В самом магазине присутствие коллекционеров не поощряется, поэтому большинство располагается на улице. Гоняет их и милиция, но, правда, весьма вяло. За спиной уходящего стража порядка сразу же вновь раскрываются альбомы и возобновляются прерванные на самом интересном месте обсуждения.
Здесь есть завсегдатаи, то есть те, кто присутствует ежедневно. В основном это люди немолодые, многие из них уже на пенсии. Они сразу же заинтересованно осматривают вновь пришедшего и приводят в замешательство вопросом: «Марки, монеты есть?» Часто эти люди пристают даже к посторонним гражданам, просто прохожим, имевшим неосторожность пройти слишком близко от входа в магазин.
Ясно, что за всем этим что-то кроется. Не иначе, тонкий расчет. А, точно! — вон уже прыщавый старшеклассник выворачивает карманы, а черноусый толстенький коллекционер застыл в ожидании… Смотрит медяки, принесенные парнем. Усы поползли вниз. Явно недоволен. «Три рубля за все хошь?» Парень мнется. «Ну, нет, и не надо». И черноусый отходит к стене, где покуривают еще двое-трое таких же субъектов.

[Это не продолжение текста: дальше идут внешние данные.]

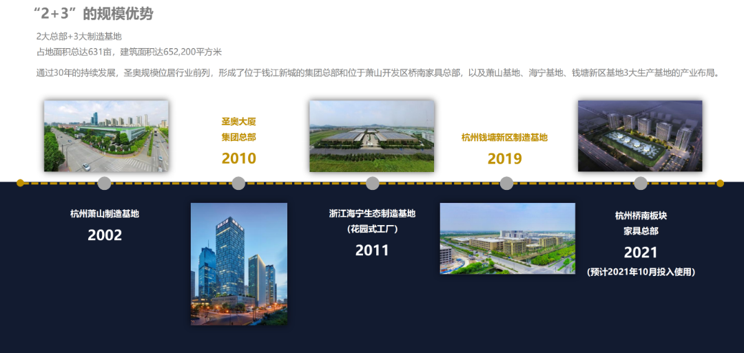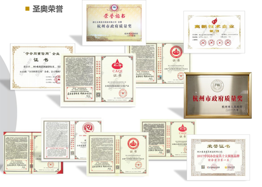 圣奥集团于1991年在杭州成立,是一家集办公家 具、生活家具、置业投资于一体的企业集团;其中 办公家具连续九年获得中国办公家具十大领军品牌。销售网络覆盖国全一二线城市,外销网络已遍布全 球110多个国家和地区。

Среди «стариков» есть одна дама, которую также можно смело отнести к завсегдатаям. Это — баба Вера, ее все знают, и монеты у нее хорошие, и недорого. Начинающие коллекционеры-школьники часто обращаются к ней. Бывает, она цену скидывает на рубль-два. И на том спасибо. Другие могут и не скинуть. Особенно вон тот — курчавый, с усиками. Он скорее поднимет цену, если слишком долго будешь торговаться. Зато монеты у него — эксклюзив, даже золотишко имеется, валюта.
Есть среди завсегдатаев и молодежь. Это прежде всего Длинный с компанией, несколько других ребят. Им палец в рот не клади. Как-то зимой, под вечер, подобные «ребята» чуть не забрали деньги у моего одноклассника — тут же, за углом. Насилу вырвался. С тех пор на «Киевскую» не ездил.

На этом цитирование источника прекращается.